Most people think of AI as software — something you write, test, and ship. The reality of training a frontier AI model looks nothing like that. It looks more like building a power plant.
GPT-4, according to various estimates, cost over $100 million to train. Google’s Gemini Ultra likely cost more. The compute required runs on thousands of specialized chips running continuously for months. The electricity bill alone is staggering.
This is not a detail. It is the most important structural fact about the AI industry right now.
Only a Few Players Can Compete at the Frontier
When training a single model costs nine figures, the number of organizations that can participate drops to almost zero. A handful of American companies, one or two Chinese ones, and a few well-funded European labs. Everyone else is building on top of what those organizations produce.

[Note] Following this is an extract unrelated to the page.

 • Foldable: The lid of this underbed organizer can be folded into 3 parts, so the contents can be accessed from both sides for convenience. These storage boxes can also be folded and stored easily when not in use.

This has profound implications for who controls the direction of AI development, what values get embedded into the most powerful models, and who benefits from the economic returns.

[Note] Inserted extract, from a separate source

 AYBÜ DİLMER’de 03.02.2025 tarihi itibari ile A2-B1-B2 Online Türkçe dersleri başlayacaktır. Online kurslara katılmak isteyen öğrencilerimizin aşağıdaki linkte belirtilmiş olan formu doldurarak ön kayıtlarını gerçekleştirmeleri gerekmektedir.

The open source movement — led by Meta’s Llama releases and others — is a partial counterweight to this concentration. But even open source frontier models require enormous compute to train. You can run them cheaply once they exist. Building them from scratch is a different matter.

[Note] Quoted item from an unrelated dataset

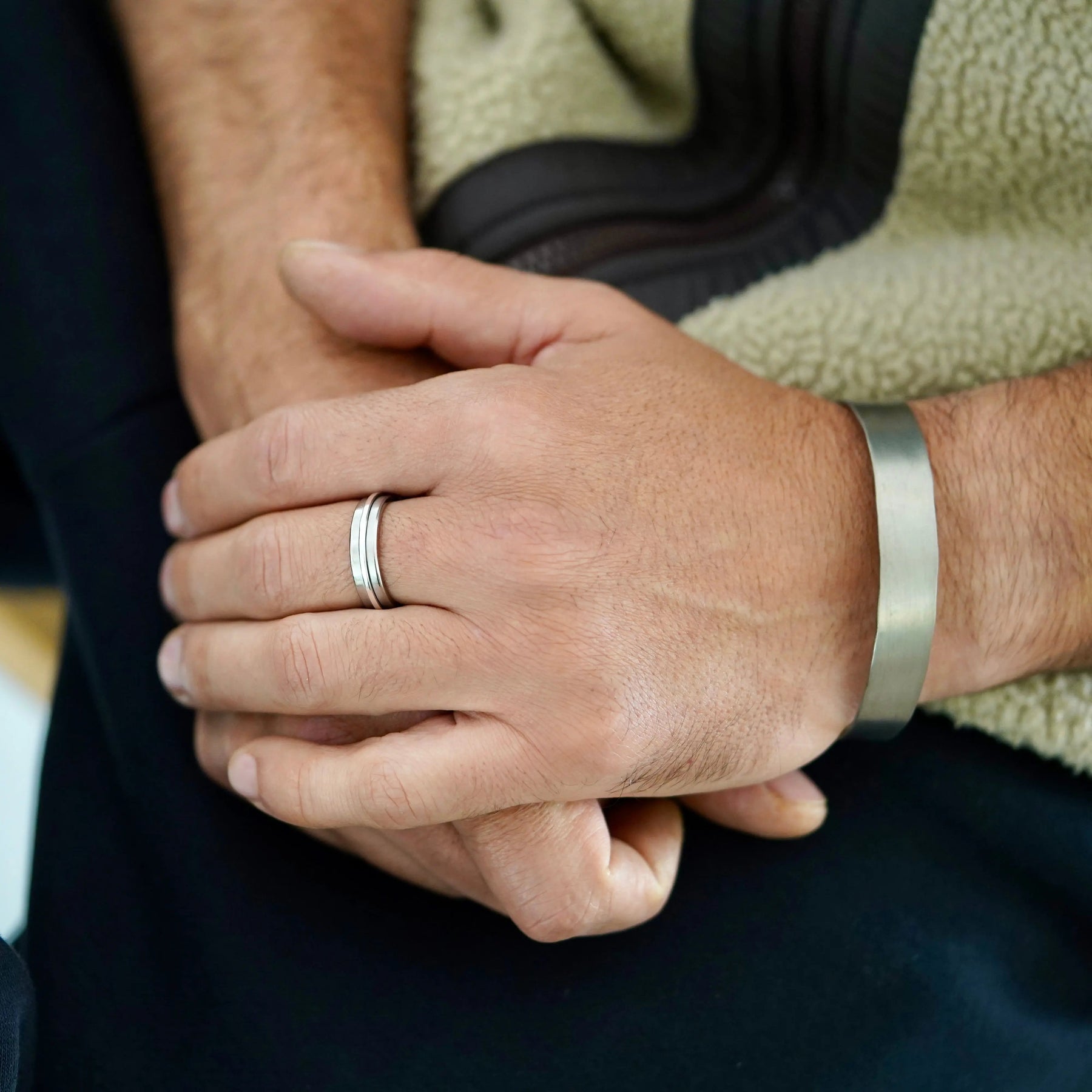 Je réalise la bague Oural à partir d’un anneau en titane massif, dans lequel je viens incruster un fil d’argent 925.

The Compute Bottleneck Is Real
NVIDIA’s H100 chips — the primary tool for training large models — have been in short supply since 2023. The waiting list for cloud compute has pushed smaller AI labs to delay training runs by months. Some have changed their research direction entirely based on what compute they could access.
This is why the geopolitics of semiconductors matters so much. Export controls on advanced chips to China are not just trade policy — they are decisions about who gets to build the most capable AI systems.
What This Means for Everyone Else
For businesses, it means the AI tools you use are built on infrastructure controlled by a small number of companies. That concentration creates dependency risks. If your entire workflow runs through one AI provider and that provider changes its pricing, policies, or access terms, you have very little leverage.
Diversification across AI providers — and investment in understanding what you are actually dependent on — is not paranoia. It is basic risk management.
For individuals, it means the free or cheap AI tools available today are subsidized by venture capital and strategic positioning. The economics of AI access will change as companies move toward profitability. Plan accordingly.
The cost of AI is not just a business story. It is a story about power, access, and who gets to shape the most consequential technology of our era.